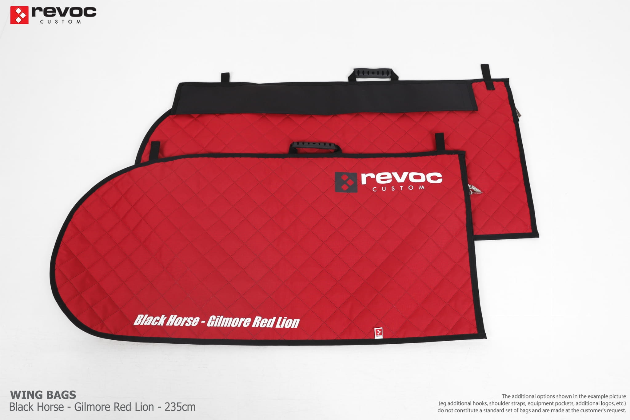 We make bags especially for you on your individual order. You can decide on the colors, choose a logo, put the model name on the cover, additional markings or choose a number of useful additional options. The custom color scheme which is a detailed reproduction of the model's painting can be ordered individually - contact us for the offer: revoc@revoc.eu
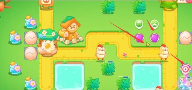 1.在如图所示位置放置一个大鸡蛋,并将大鸡蛋升至满级,大鸡蛋可以召唤出小鸡,增加我们清理障碍的速度
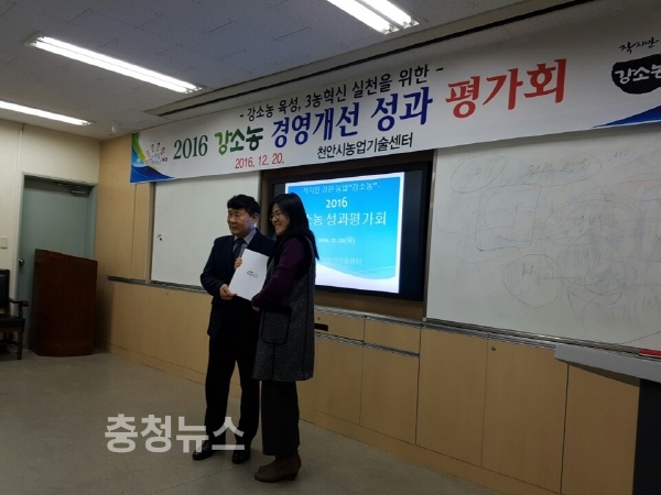 충남 천안시농업기술센터(소장 강성수)는 20일 농업기술센터 교육장에서 강소농 교육에 참여한 농업경영체 60여명을 대상으로 2016강소농 농업경영체 성과평가 및 수료식을 개최했다.
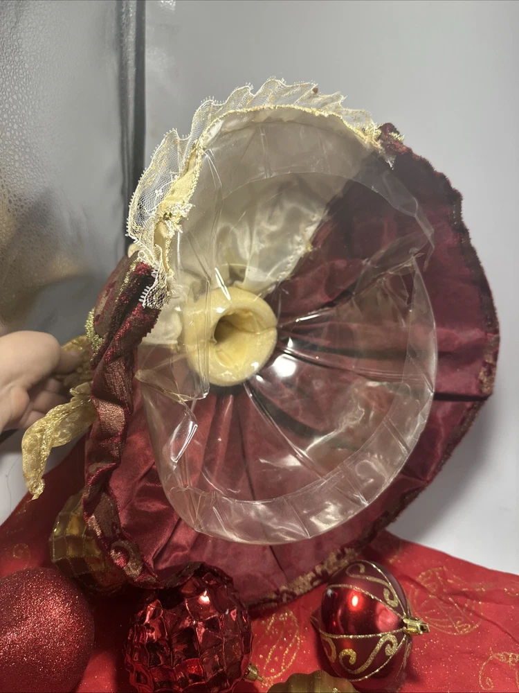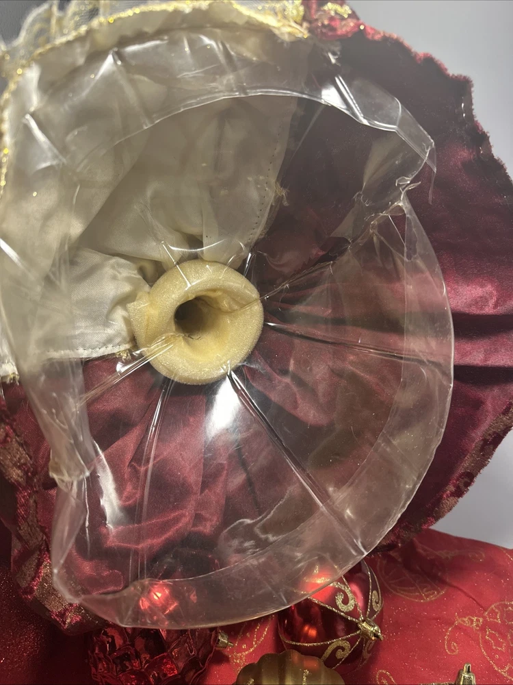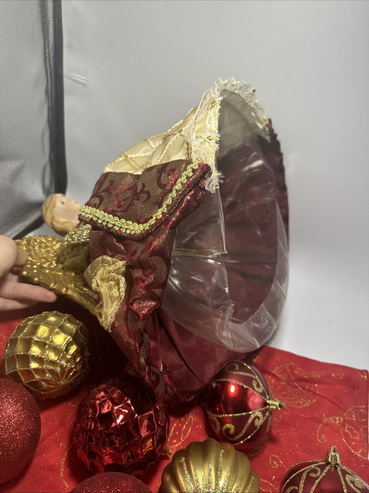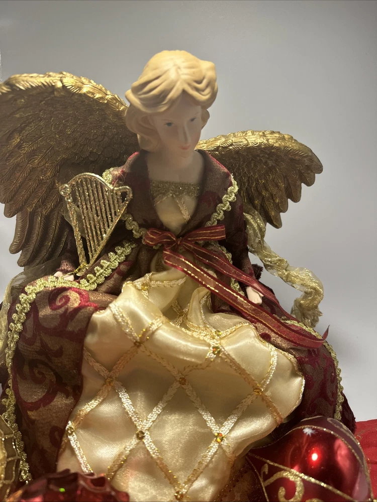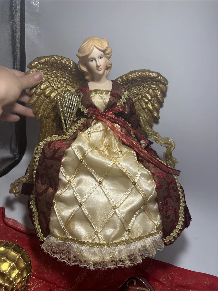 Character Family:AngelType:Tree topperColor:RedTheme:Christmas AngelSigned:NoPackaging:UnboxedSubject:AngelsMaterial:Ceramic & VelveteenFinish:GoldBrand:UnbrandedRoom:Any RoomOccasion:ChristmasShape:coneCharacter:AngelCountry/Region of Manufacture:ChinaHandmade:NoEngraved:No
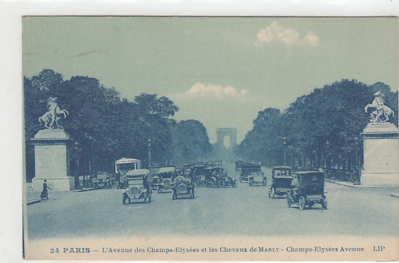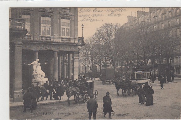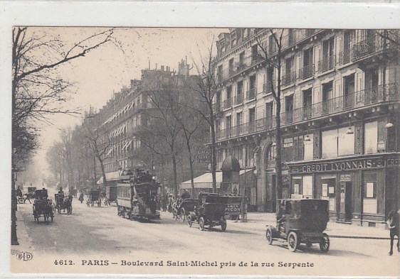 Paris Frankreich Saint-Michel Autos und Strassenbahn ca 1910
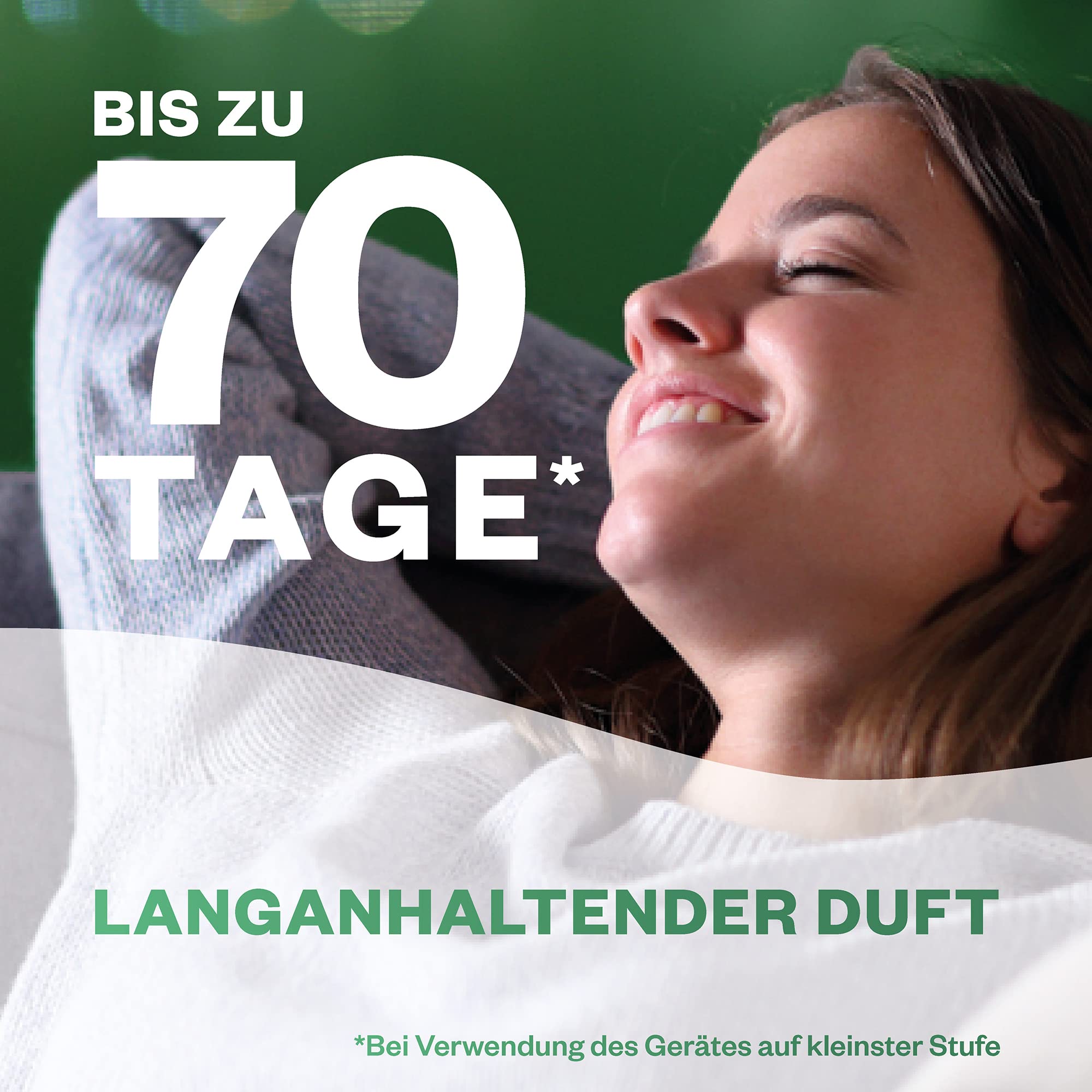 -  70 DIENU AROMĀTS: Viena uzpilde pietiek līdz 70 dienām (lietojot ierīci ar zemāko iestatījumu) / Aromāts tiek izdalīts trīs laika intervālos, kurus var iestatīt pats vai vienkārši nospiežot tūlītējās iedarbības pogu
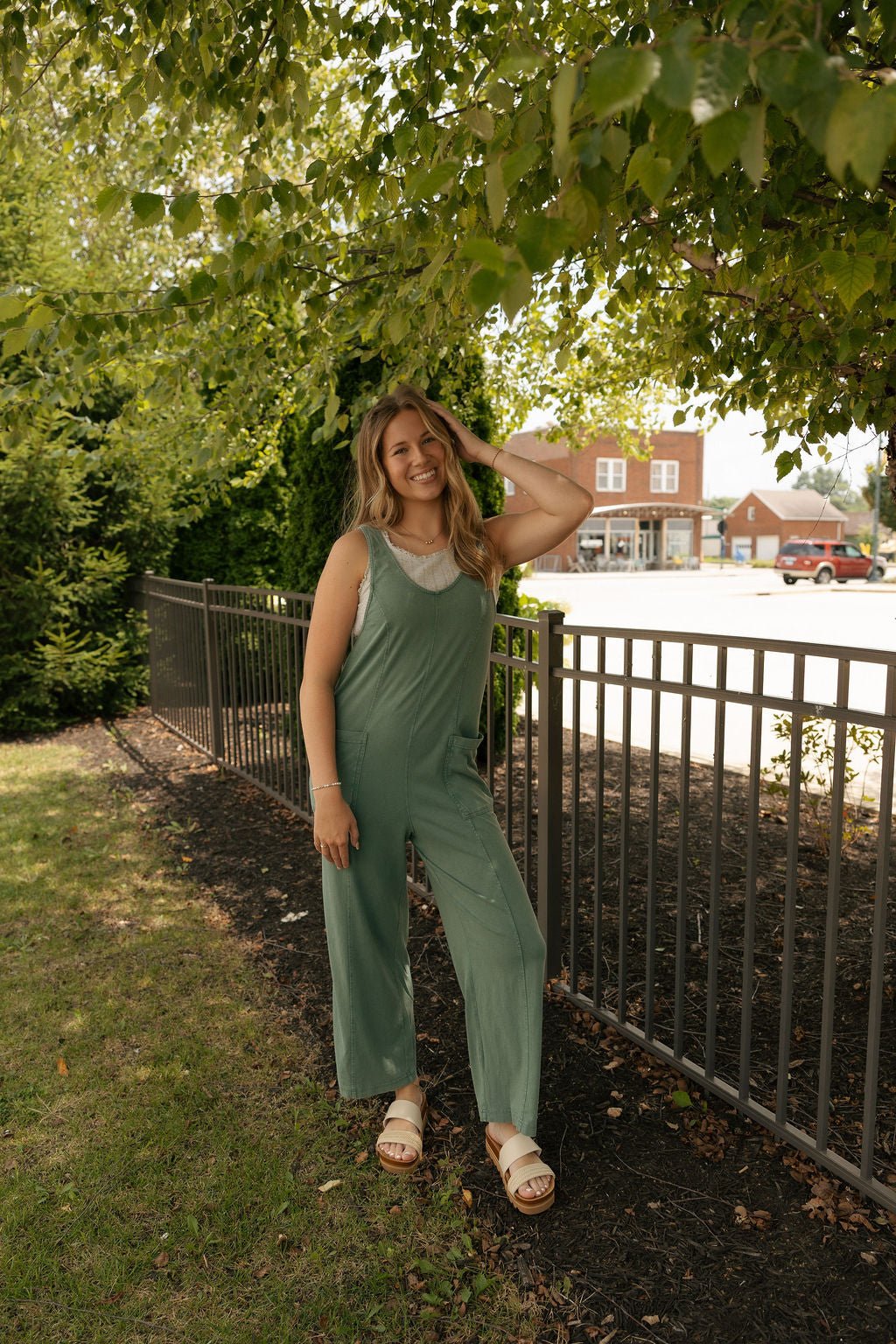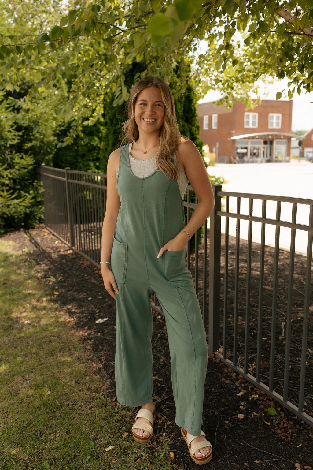 The Brasila Jumpsuit in Hunter Green by Z Supply offers year-round comfort with its soft fabric and adjustable straps for a perfect fit. Designed for versatile wear, it features convenient pockets and a relaxed silhouette, making it ideal for lounging or casual outings. Its unique style and practical details ensure you stay comfortable and chic wherever you go.
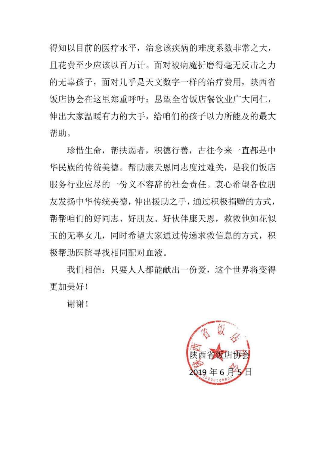 康天恩感到特別無奈,含淚寫下求助信,借助水滴籌平臺向社會求助?堤於麟娫挘18392871811 陜西省飯店協(xié)會目前也已經(jīng)發(fā)出倡議書,號召全體業(yè)界同仁幫助康天恩一家。
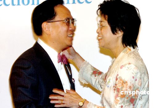 曾蔭權(quán)在16日晚的記者會上與夫人相擁祝賀。
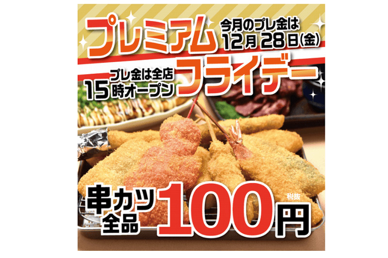 串カツ全品108円!12月28日(金)は串カツ田中で本年最後のプレミアムフライデーを満喫! 1枚目の写真・画像
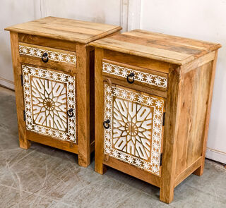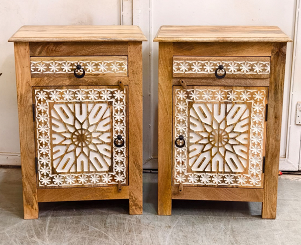 A wonderful bohemian style bedside table with beautifully detailed hand carving work.
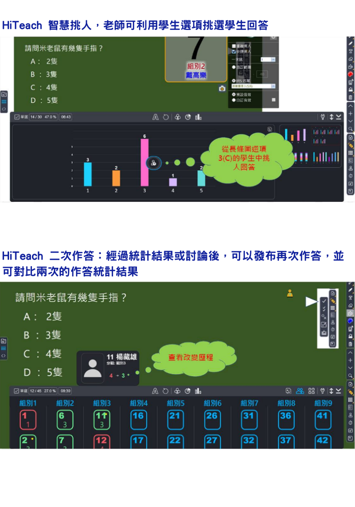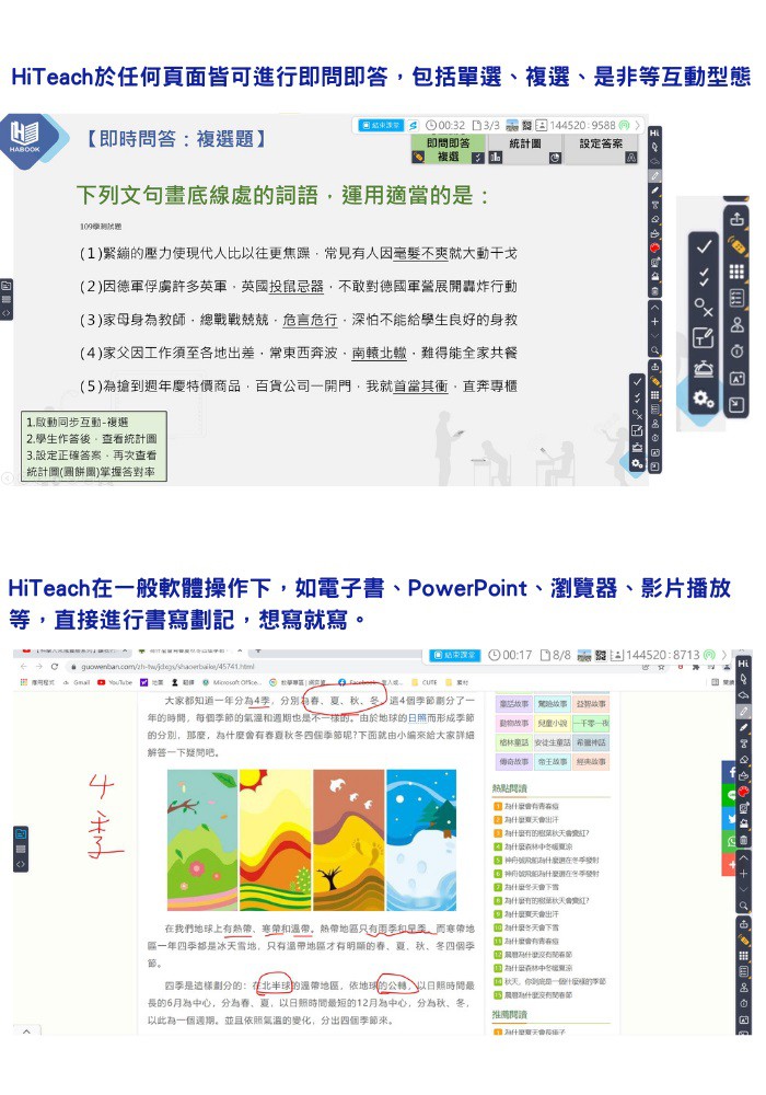 ●預設問答與搶權:可以使用「HiTeach題目設定工具」在PowerPoint簡報中,準備好預計穿插提問的問題,設定好題目的提問反饋類型(支援問答、搶權)、答案等,在HiTeach中匯入這份PPTX檔案進行簡報時,播放到有設定好問題的頁面就會自動顯示互動反饋區,請學生、學員或聽眾回答。

• [Your instructions]:
The required output is the line containing "충남 천안시농업기술센터(소" plus every line after it to the end of the data, copied exactly and with no pictures.

• [Result of this exercise]:
 충남 천안시농업기술센터(소장 강성수)는 20일 농업기술센터 교육장에서 강소농 교육에 참여한 농업경영체 60여명을 대상으로 2016강소농 농업경영체 성과평가 및 수료식을 개최했다.
 Character Family:AngelType:Tree topperColor:RedTheme:Christmas AngelSigned:NoPackaging:UnboxedSubject:AngelsMaterial:Ceramic & VelveteenFinish:GoldBrand:UnbrandedRoom:Any RoomOccasion:ChristmasShape:coneCharacter:AngelCountry/Region of Manufacture:ChinaHandmade:NoEngraved:No
 Paris Frankreich Saint-Michel Autos und Strassenbahn ca 1910
 -  70 DIENU AROMĀTS: Viena uzpilde pietiek līdz 70 dienām (lietojot ierīci ar zemāko iestatījumu) / Aromāts tiek izdalīts trīs laika intervālos, kurus var iestatīt pats vai vienkārši nospiežot tūlītējās iedarbības pogu
 The Brasila Jumpsuit in Hunter Green by Z Supply offers year-round comfort with its soft fabric and adjustable straps for a perfect fit. Designed for versatile wear, it features convenient pockets and a relaxed silhouette, making it ideal for lounging or casual outings. Its unique style and practical details ensure you stay comfortable and chic wherever you go.
 康天恩感到特別無奈,含淚寫下求助信,借助水滴籌平臺向社會求助?堤於麟娫挘18392871811 陜西省飯店協(xié)會目前也已經(jīng)發(fā)出倡議書,號召全體業(yè)界同仁幫助康天恩一家。
 曾蔭權(quán)在16日晚的記者會上與夫人相擁祝賀。
 串カツ全品108円!12月28日(金)は串カツ田中で本年最後のプレミアムフライデーを満喫! 1枚目の写真・画像
 A wonderful bohemian style bedside table with beautifully detailed hand carving work.
 ●預設問答與搶權:可以使用「HiTeach題目設定工具」在PowerPoint簡報中,準備好預計穿插提問的問題,設定好題目的提問反饋類型(支援問答、搶權)、答案等,在HiTeach中匯入這份PPTX檔案進行簡報時,播放到有設定好問題的頁面就會自動顯示互動反饋區,請學生、學員或聽眾回答。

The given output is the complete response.